This index, which Kauffman calls a leading indicator of new business creation in the United States, shows on average 0.34 percent of American adults created one business per month in 2010. This rate translates into 565,000 new businesses in 2010, and is consistent with 2009’s rate.

The recent upward trend in entrepreneurship rates, however, contrast with a downward trend in employer business creation. From 2007 to 2010, the quarterly employer establishment birth rate — an index of new businesses hiring employees compared to overall new business creation — dropped from 0.13 percent to 0.10 percent.

Kauffman found greater entrepreneurial rates among some ethnic groups and immigrants to the U.S. The business-creation rate among Hispanics rose from 0.46 percent in 2009 to 0.56 percent in 2010, the highest rate over the 15 years of data. The entrepreneurial activity rate for Asians also increased from 0.31 percent in 2009 to 0.37 percent in 2010. Both African-Americans and non-Hispanic whites, on the other hand, experienced declines in entrepreneurial activity rates.

Immigrants were more than twice as likely to start businesses each month than were the native-born Americans in 2010. The rate of entrepreneurial activity among immigrants increased from 0.51 percent in 2009 to 0.62 percent in 2010. The native-born rate is 0.28 percent.
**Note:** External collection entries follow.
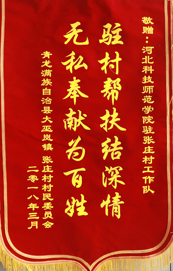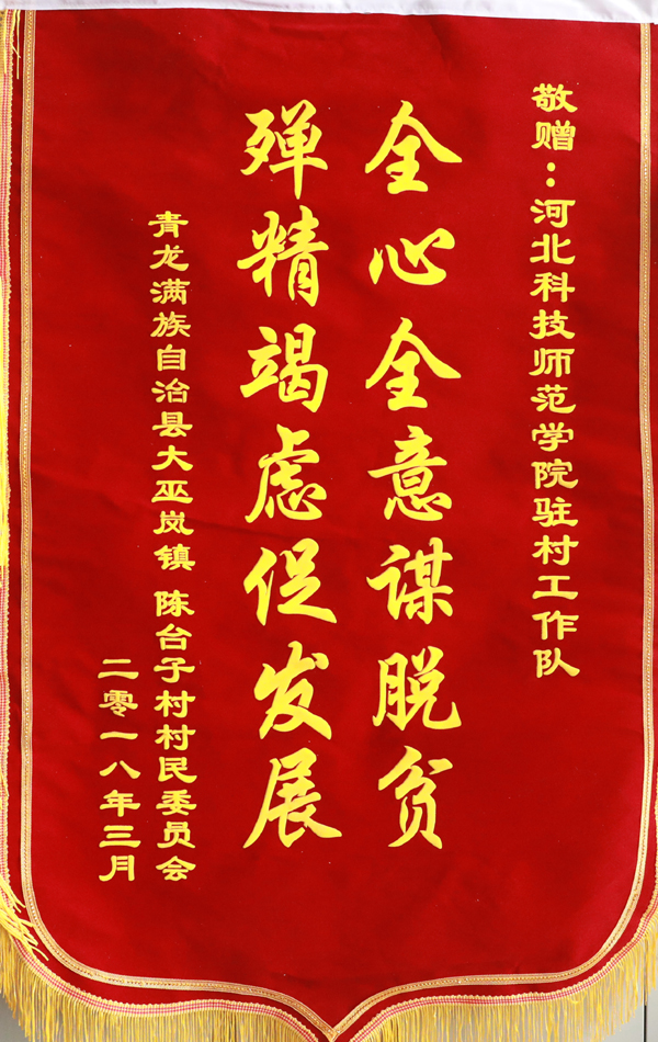 2018年3月12日,青龙满族自治县大巫岚镇陈台子村和张庄村“两委”村干部代表一行5人来到best365,将分别写有“全心全意谋脱贫 殚精竭虑促发展”和“驻村帮扶结深情 无私奉献为百姓”两面锦旗送到best365领导手中。校领导靳占忠、王同坤、李佩国以及校党委组织部负责人接受了锦旗。
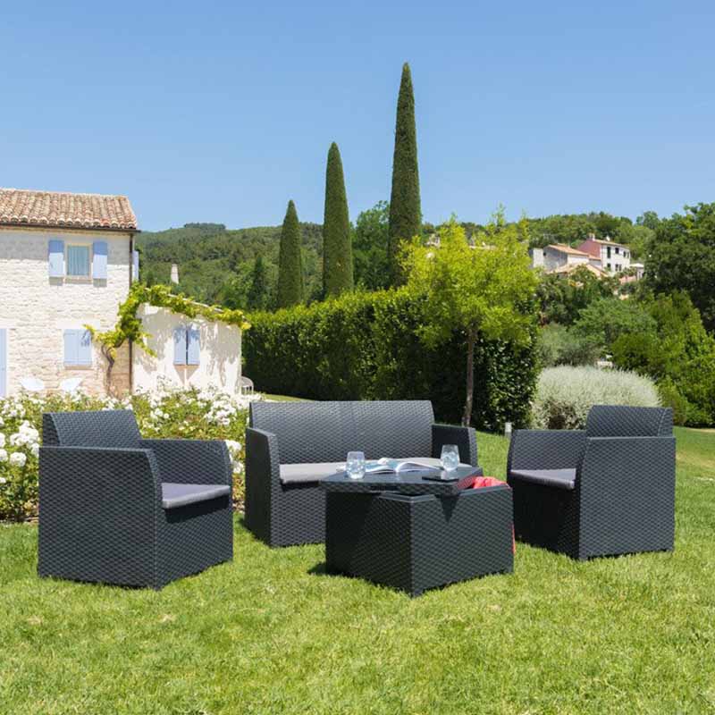 Καθιστικό-σαλόνι 4θέσεων. Το set διαθέτει διθέσιο καναπέ, δύο πολυθρόνες, τραπέζι με αποθηκευτικό χώρο και τέσσερα μαξιλάρια με αφαιρούμενα καλύμματα.
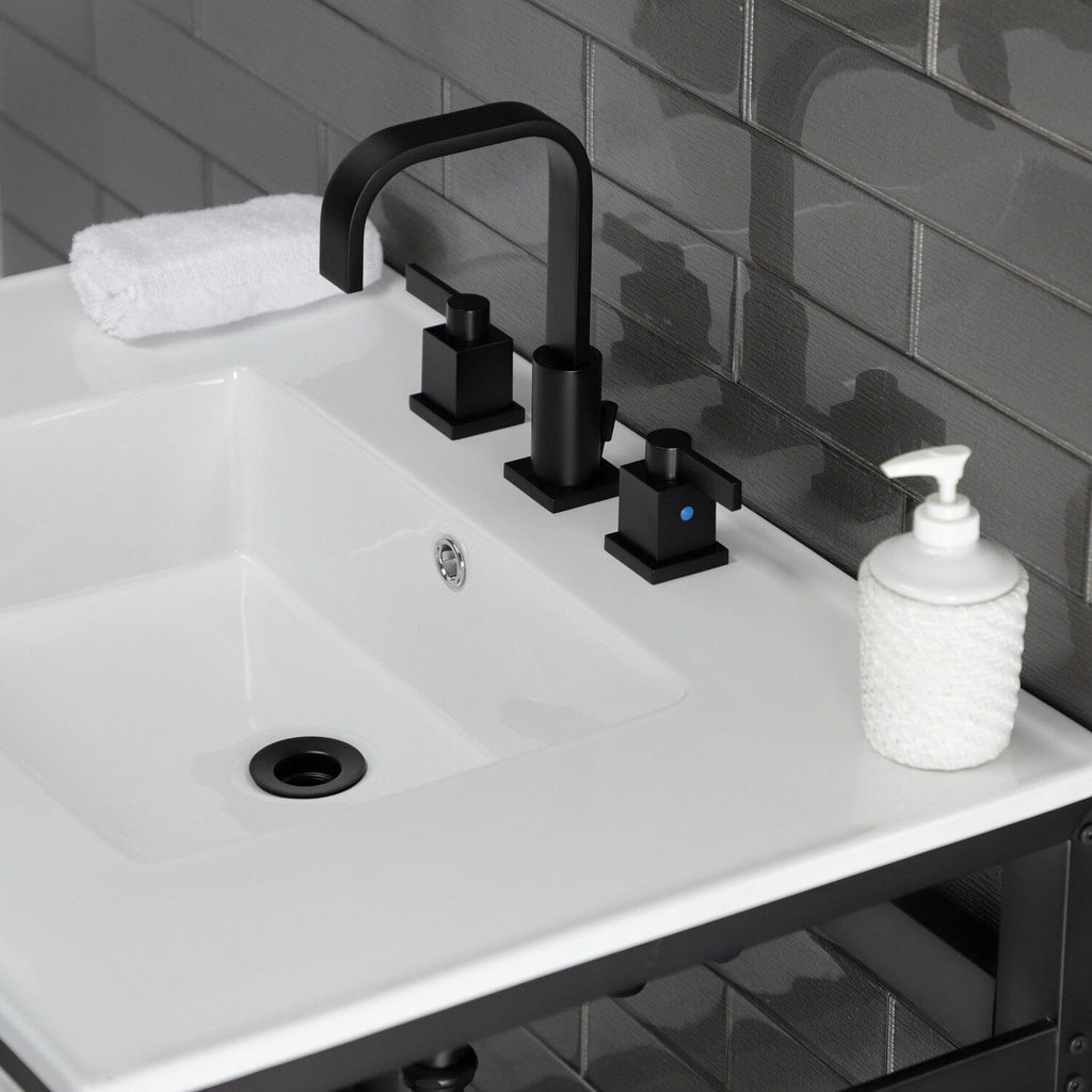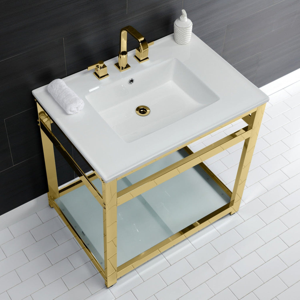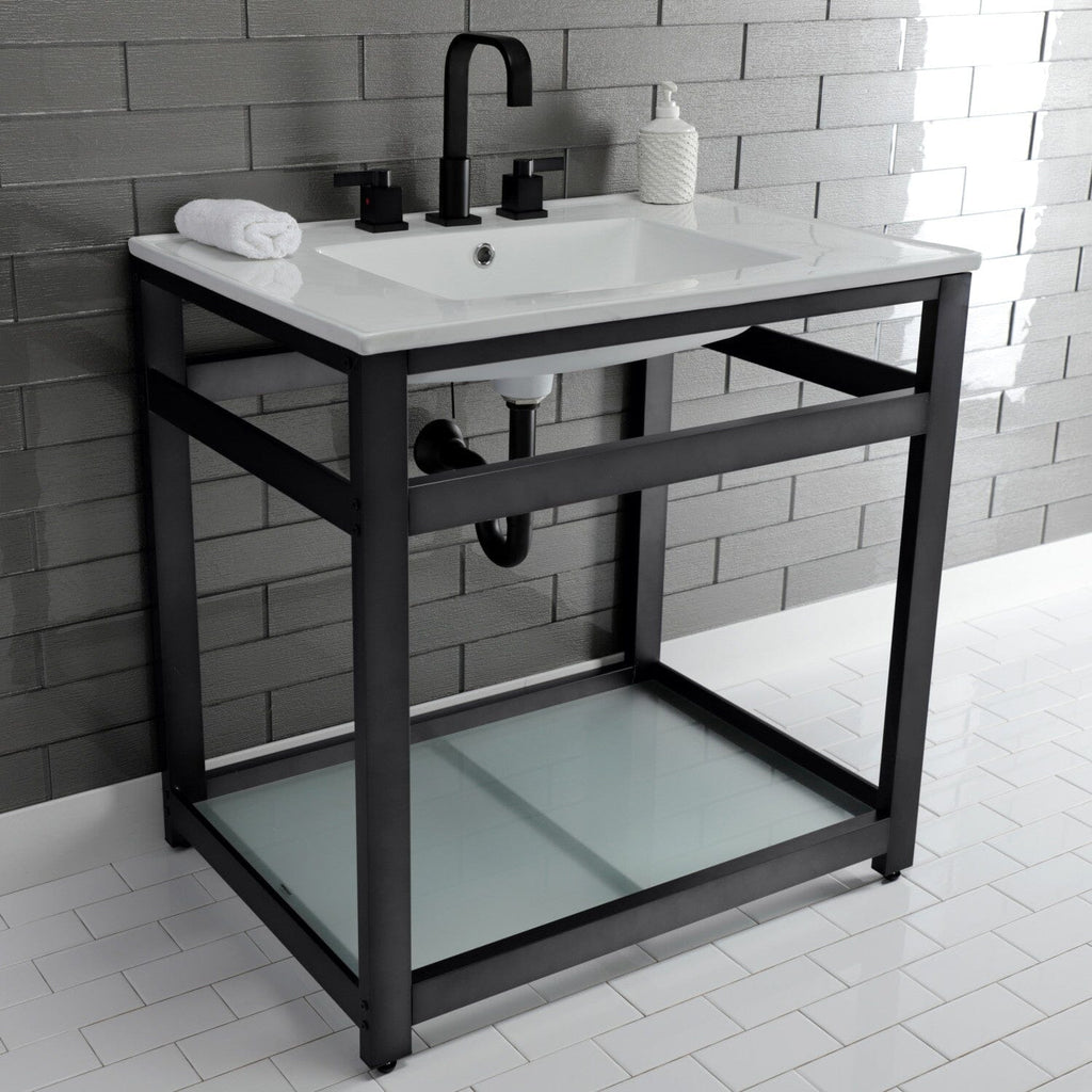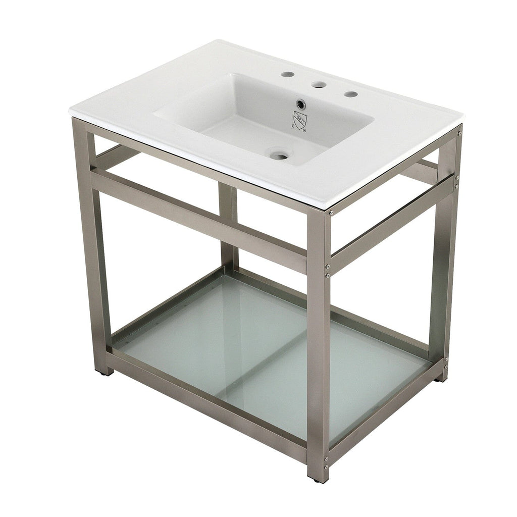 Quadras 31-Inch Ceramic Console Sink with Steel Base and Glass Shelf (8-Inch, 3-Hole)
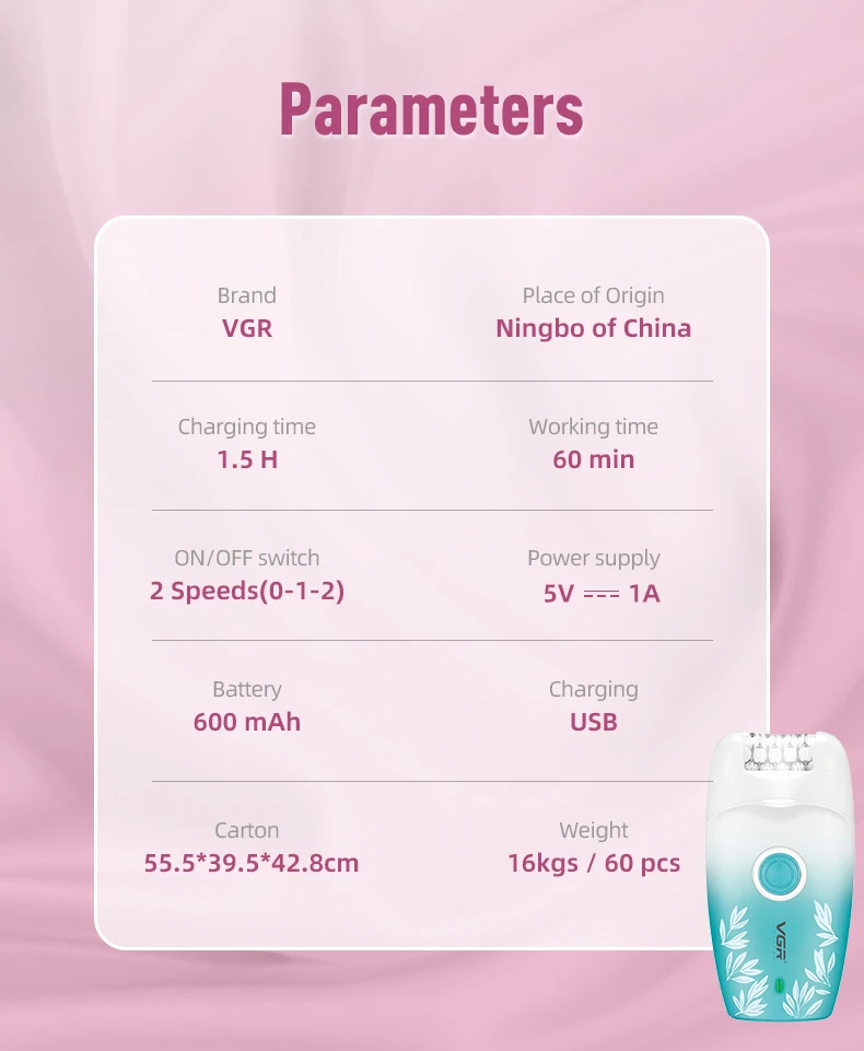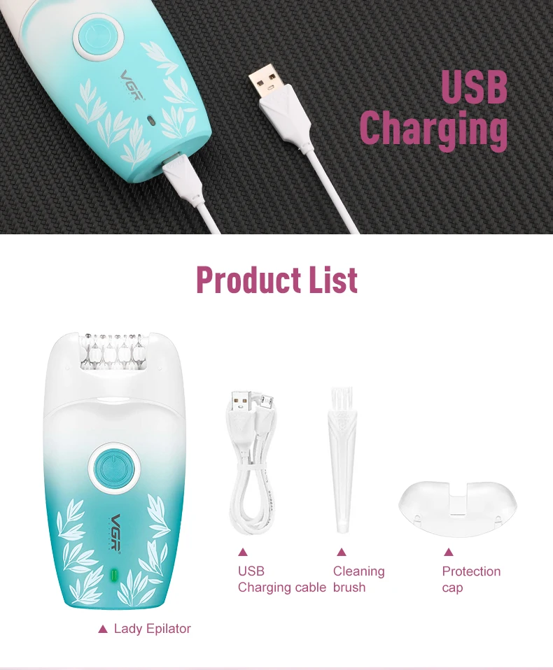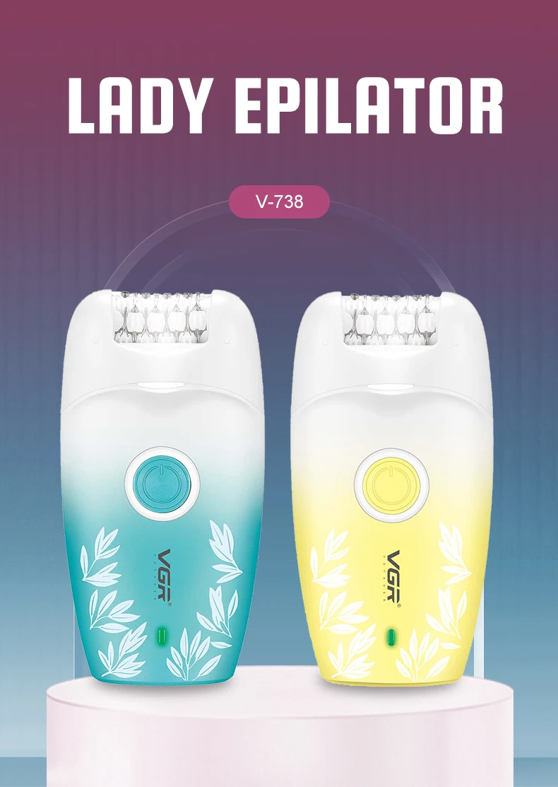 VGR 738 ماكينة حلاقة كهربائية لإزالة الشعر، ماكينة حلاقة نسائية احترافية قابلة لإعادة الشحن، جهاز إزالة الشعر المتدرج

Kauffman says this is a gap that continues to widen each year.

The Kauffman report gives entrepreneurial rates only for very broad industrial categories, not specifically for scientific and engineering companies. The new business rate for the services category, where new scientific and engineering companies would reside, increased each month from 0.42 to 0.44 percent in 2010, a rate above the overall average of 0.34 percent.